# Dataset entries
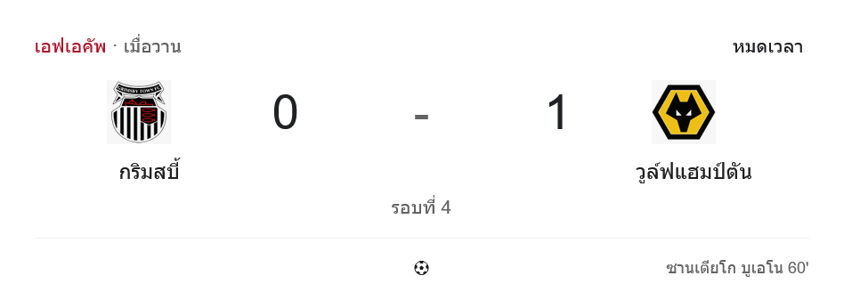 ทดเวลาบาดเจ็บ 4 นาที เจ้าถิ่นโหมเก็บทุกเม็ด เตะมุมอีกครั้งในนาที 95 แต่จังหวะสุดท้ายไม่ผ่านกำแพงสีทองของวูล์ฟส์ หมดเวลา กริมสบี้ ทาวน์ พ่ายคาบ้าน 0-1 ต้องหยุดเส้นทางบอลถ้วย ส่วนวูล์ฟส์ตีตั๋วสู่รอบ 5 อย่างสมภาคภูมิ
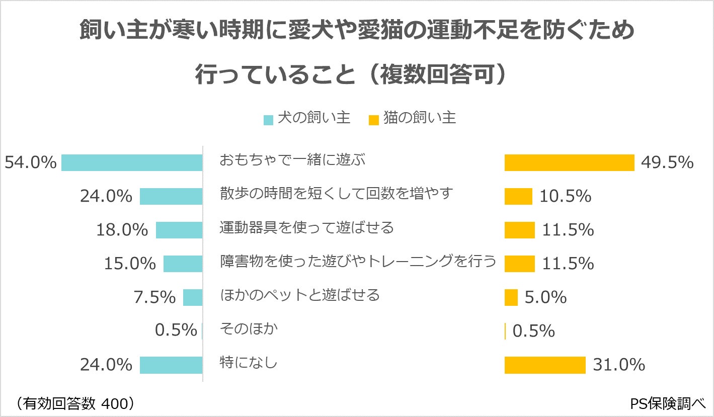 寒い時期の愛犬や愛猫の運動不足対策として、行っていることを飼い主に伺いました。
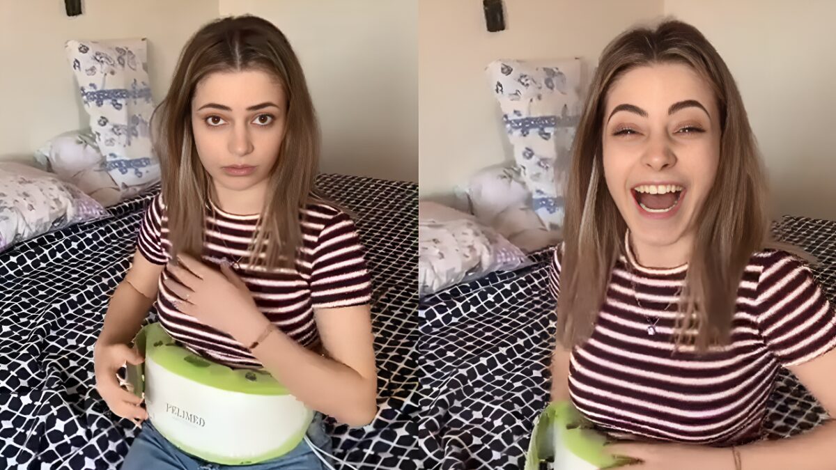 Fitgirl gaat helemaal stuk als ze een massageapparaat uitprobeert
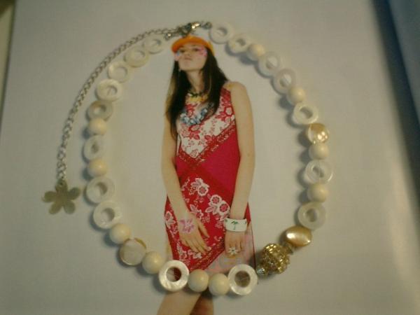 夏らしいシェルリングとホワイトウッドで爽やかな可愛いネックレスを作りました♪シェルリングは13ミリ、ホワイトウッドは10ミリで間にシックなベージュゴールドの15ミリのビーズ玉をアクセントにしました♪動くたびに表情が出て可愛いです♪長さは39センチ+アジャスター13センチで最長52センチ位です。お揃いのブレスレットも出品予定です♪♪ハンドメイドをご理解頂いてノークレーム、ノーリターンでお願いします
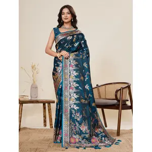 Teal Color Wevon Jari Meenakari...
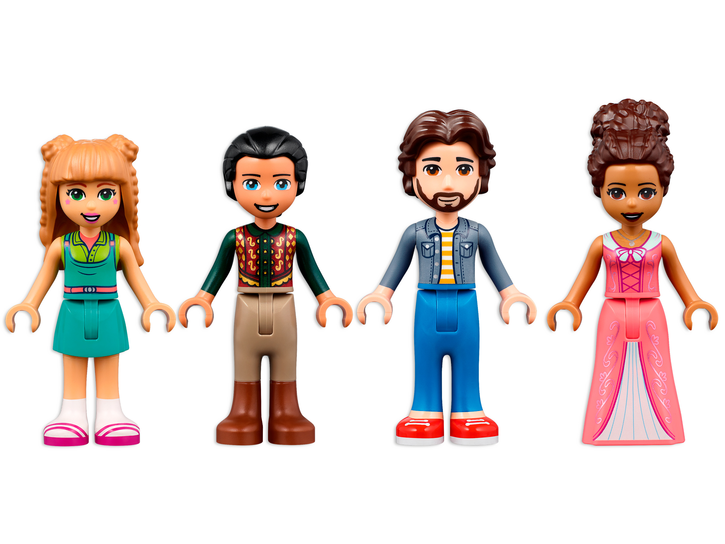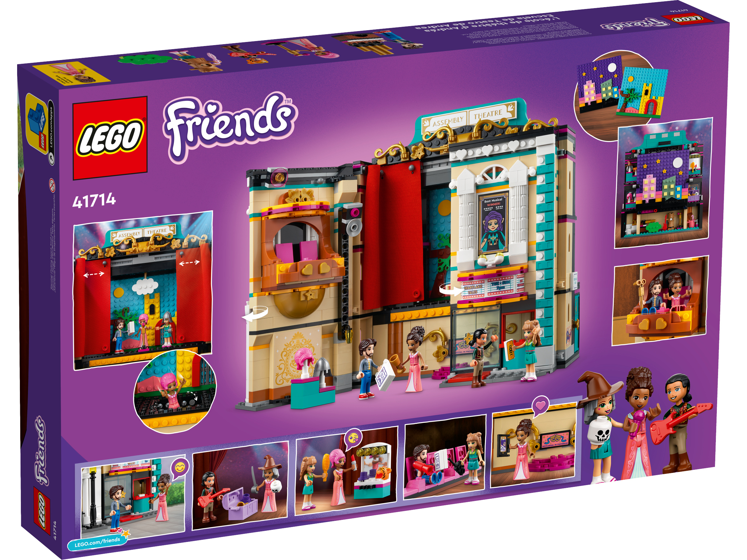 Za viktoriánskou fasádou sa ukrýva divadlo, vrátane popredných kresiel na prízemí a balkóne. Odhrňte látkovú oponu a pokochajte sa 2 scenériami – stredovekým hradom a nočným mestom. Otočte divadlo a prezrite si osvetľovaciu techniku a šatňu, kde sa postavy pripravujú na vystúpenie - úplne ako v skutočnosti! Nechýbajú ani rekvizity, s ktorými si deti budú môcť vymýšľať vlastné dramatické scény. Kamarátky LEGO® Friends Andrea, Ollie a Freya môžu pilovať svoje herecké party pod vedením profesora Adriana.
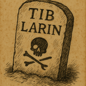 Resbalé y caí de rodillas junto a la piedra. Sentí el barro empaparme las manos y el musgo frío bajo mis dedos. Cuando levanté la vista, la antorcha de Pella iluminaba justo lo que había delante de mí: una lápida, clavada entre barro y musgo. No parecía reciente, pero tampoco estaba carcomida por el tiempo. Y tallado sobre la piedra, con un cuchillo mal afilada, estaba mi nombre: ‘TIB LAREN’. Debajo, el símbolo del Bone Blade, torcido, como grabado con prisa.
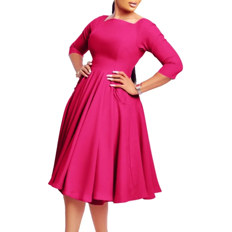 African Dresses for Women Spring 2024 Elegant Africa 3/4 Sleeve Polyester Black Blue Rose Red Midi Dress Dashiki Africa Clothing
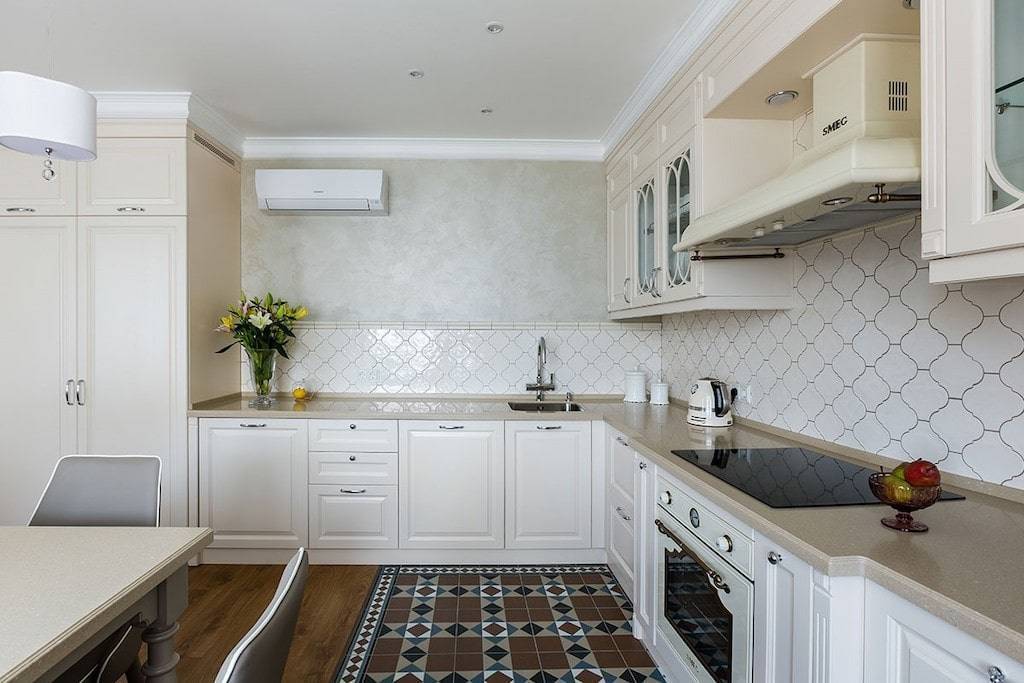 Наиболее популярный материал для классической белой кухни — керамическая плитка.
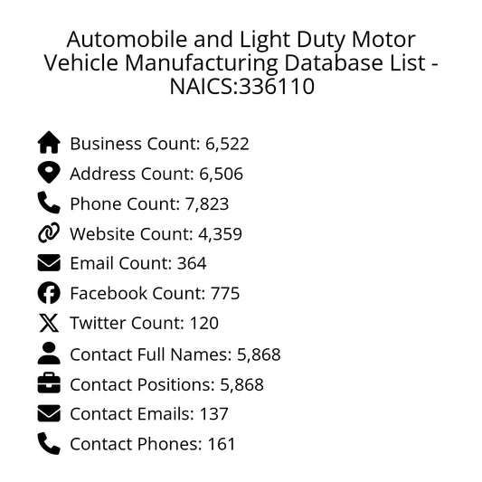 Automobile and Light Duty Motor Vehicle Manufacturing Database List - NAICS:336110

# Description of the task
Repeat all the data as it stands, dropping any images it holds.

# Your response
 ทดเวลาบาดเจ็บ 4 นาที เจ้าถิ่นโหมเก็บทุกเม็ด เตะมุมอีกครั้งในนาที 95 แต่จังหวะสุดท้ายไม่ผ่านกำแพงสีทองของวูล์ฟส์ หมดเวลา กริมสบี้ ทาวน์ พ่ายคาบ้าน 0-1 ต้องหยุดเส้นทางบอลถ้วย ส่วนวูล์ฟส์ตีตั๋วสู่รอบ 5 อย่างสมภาคภูมิ
 寒い時期の愛犬や愛猫の運動不足対策として、行っていることを飼い主に伺いました。
 Fitgirl gaat helemaal stuk als ze een massageapparaat uitprobeert
 夏らしいシェルリングとホワイトウッドで爽やかな可愛いネックレスを作りました♪シェルリングは13ミリ、ホワイトウッドは10ミリで間にシックなベージュゴールドの15ミリのビーズ玉をアクセントにしました♪動くたびに表情が出て可愛いです♪長さは39センチ+アジャスター13センチで最長52センチ位です。お揃いのブレスレットも出品予定です♪♪ハンドメイドをご理解頂いてノークレーム、ノーリターンでお願いします
 Teal Color Wevon Jari Meenakari...
 Za viktoriánskou fasádou sa ukrýva divadlo, vrátane popredných kresiel na prízemí a balkóne. Odhrňte látkovú oponu a pokochajte sa 2 scenériami – stredovekým hradom a nočným mestom. Otočte divadlo a prezrite si osvetľovaciu techniku a šatňu, kde sa postavy pripravujú na vystúpenie - úplne ako v skutočnosti! Nechýbajú ani rekvizity, s ktorými si deti budú môcť vymýšľať vlastné dramatické scény. Kamarátky LEGO® Friends Andrea, Ollie a Freya môžu pilovať svoje herecké party pod vedením profesora Adriana.
 Resbalé y caí de rodillas junto a la piedra. Sentí el barro empaparme las manos y el musgo frío bajo mis dedos. Cuando levanté la vista, la antorcha de Pella iluminaba justo lo que había delante de mí: una lápida, clavada entre barro y musgo. No parecía reciente, pero tampoco estaba carcomida por el tiempo. Y tallado sobre la piedra, con un cuchillo mal afilada, estaba mi nombre: ‘TIB LAREN’. Debajo, el símbolo del Bone Blade, torcido, como grabado con prisa.
 African Dresses for Women Spring 2024 Elegant Africa 3/4 Sleeve Polyester Black Blue Rose Red Midi Dress Dashiki Africa Clothing
 Наиболее популярный материал для классической белой кухни — керамическая плитка.
 Automobile and Light Duty Motor Vehicle Manufacturing Database List - NAICS:336110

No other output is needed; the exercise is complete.